As “Breaking Bad” comes to a close this summer, talk turned Friday to just how good a teacher Bryan Cranston’s character Walter White was.
After all, he’s the guy who traded in the test tubes of teaching science for cooking meth in a desperate way to make more money for his family as he faced cancer, eventually becoming one of the most ruthless drug lords the Southwest has ever seen.
“I think he was actually a very good teacher,” says show’s creator Vince Gilligan. “I think, at least judging from the limited information at hand, he seemed to be in that first episode to be using visual aids. He seemed to be enthusiastic about his own subject. He seemed to be trying to impart his enthusiasm to his class in that pilot episode.
“But,” he added during a “Breaking Bad” session at the TV critics’ press tour Friday in Beverly Hills, “he nonetheless, unfortunately, not for lack of trying, seemed not to be connecting with them.”
Adding that dimension, he says, “was me as the writer probably ladling on reasons for the audience to sympathize with him from the get go. In hindsight maybe, you know, I might if I was doing it now, I might hit that a little less hard, that the students were all just on their iPhones or whatever.”
It’s all part of a bigger conversation, Gilligan says, “over whether or not Walt’s particular road to hell was one paved by good intentions, changed him or whether it revealed things that were already within him.
“The longer we did this show, the more I subscribed to the latter argument,” he says. “It’s like that old saying about Hollywood: Does stardom turn you into a turn some people into a creep, or does it simply reveal who they really are?”
For Cranston, who has won an Emmy for his work, says, “I always embrace the moments that I was able to show his teaching acumen in the show.
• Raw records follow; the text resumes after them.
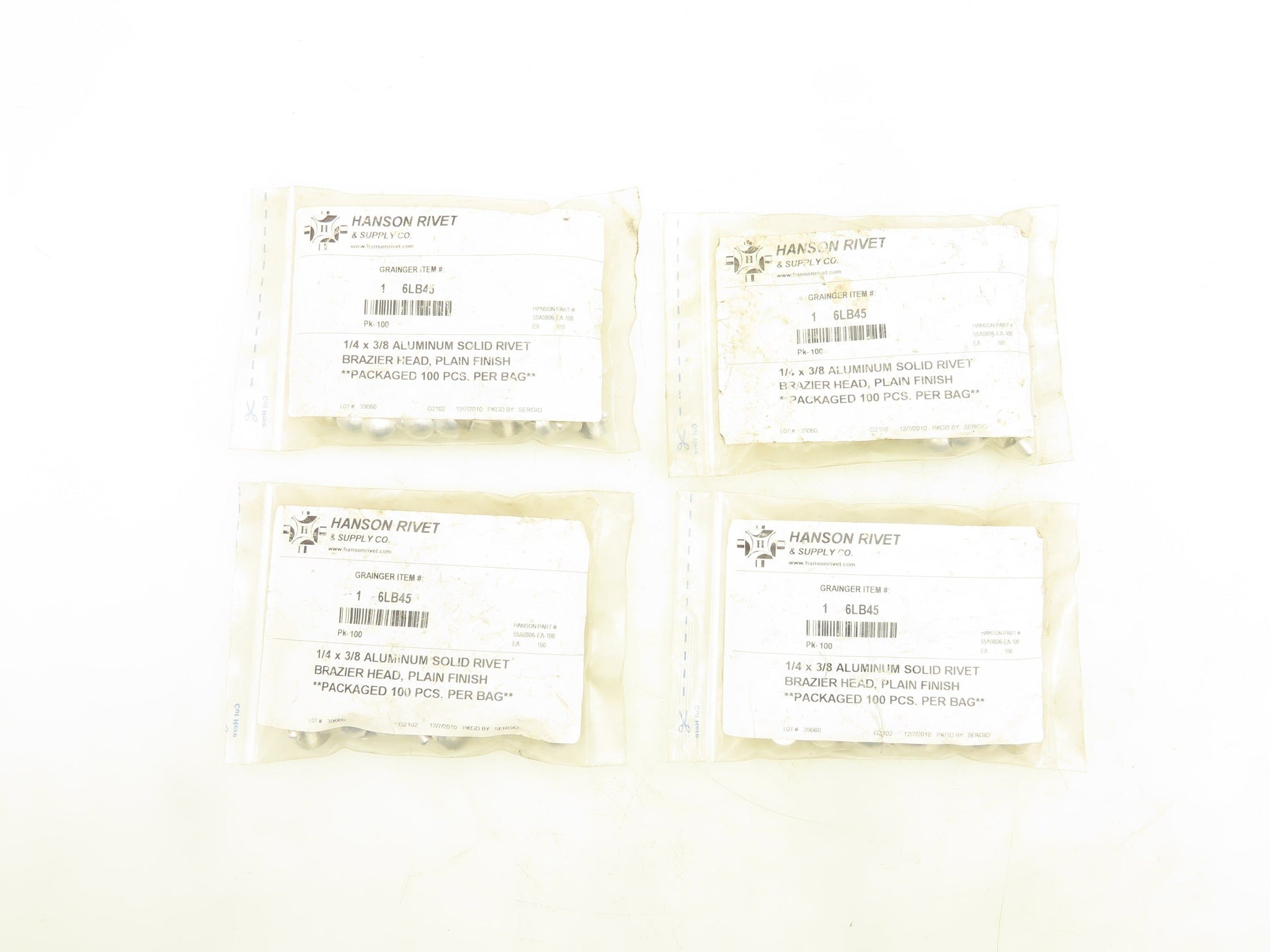 Hanson Grainger 55A0806-EA-100 Aluminum Solid Rivet 1/4 x 3/8" 100 Pack Lot of 4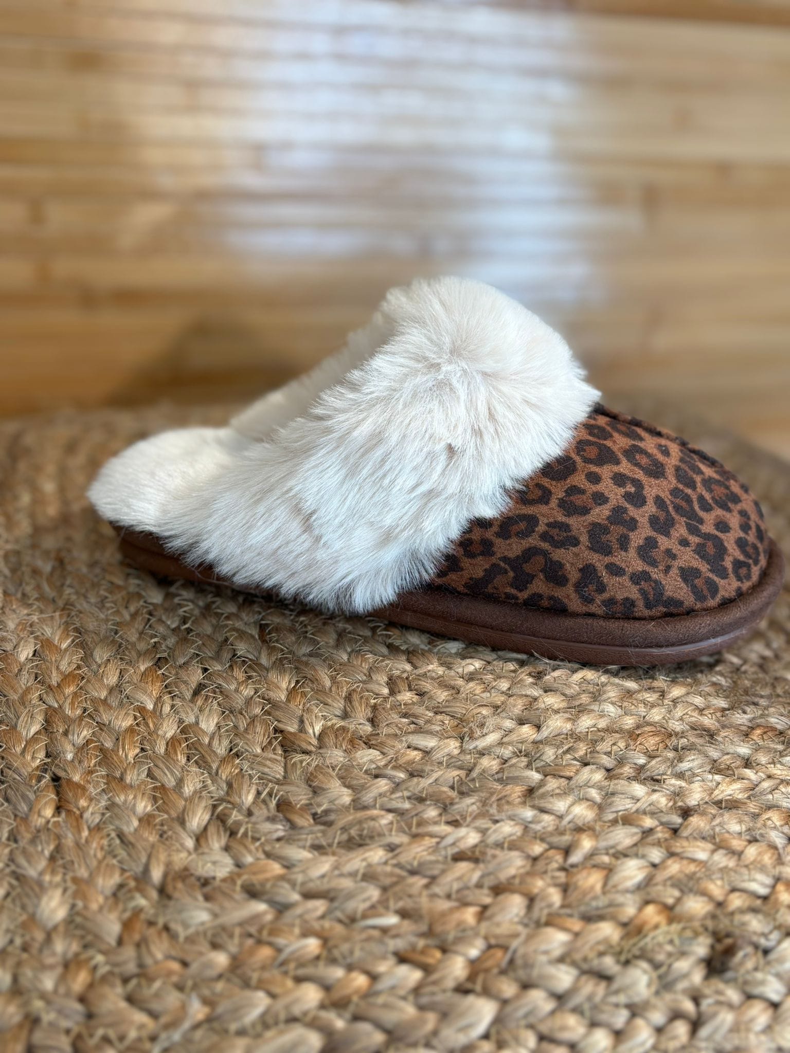 3’s & 4’s Leopard Print Fluffy Faux Suede Mule Slippers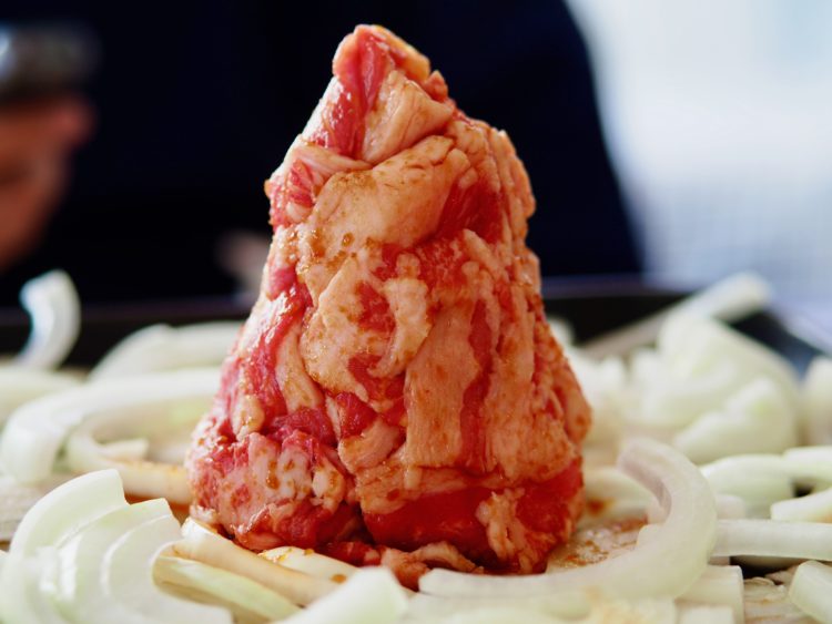 今日は特別に畑中さんが、牛のバラ焼きを目の前の鉄板で焼いてくれた。ちょいちょい飛び出したギャグは文字数制限のため割愛する。

It was his one true passion besides his family, and it was the only chance in the show that’s you know, surrounded by muck and mire that he was he excelled and he truly had a gift.
“That being said, I think there comes a time in every teacher’s life where the overwhelming impact of apathy that is facing them every day has to chip away at that passion and that desire, and I think he was just at a point, now 50, where he was kind of beaten down a little bit and taken his toll, and he’s certainly in a depressed state when we first started the show.
“So he could have been Mr. Chips maybe 20 years ago, but now he’s not. And so that was the point where it started for me is that he was calloused over. His emotions were calloused over by the depression, and receiving this news of his eminent demise allowed that volcano of emotions to erupt.
“And when it did, he wasn’t prepared, and he wasn’t accustomed to knowing where to put his emotions and how to compartmentalize it, and it just spewed over everyone, and it got messy.”
“Breaking Bad” begins its final run of eight episodes Aug. 11 on AMC.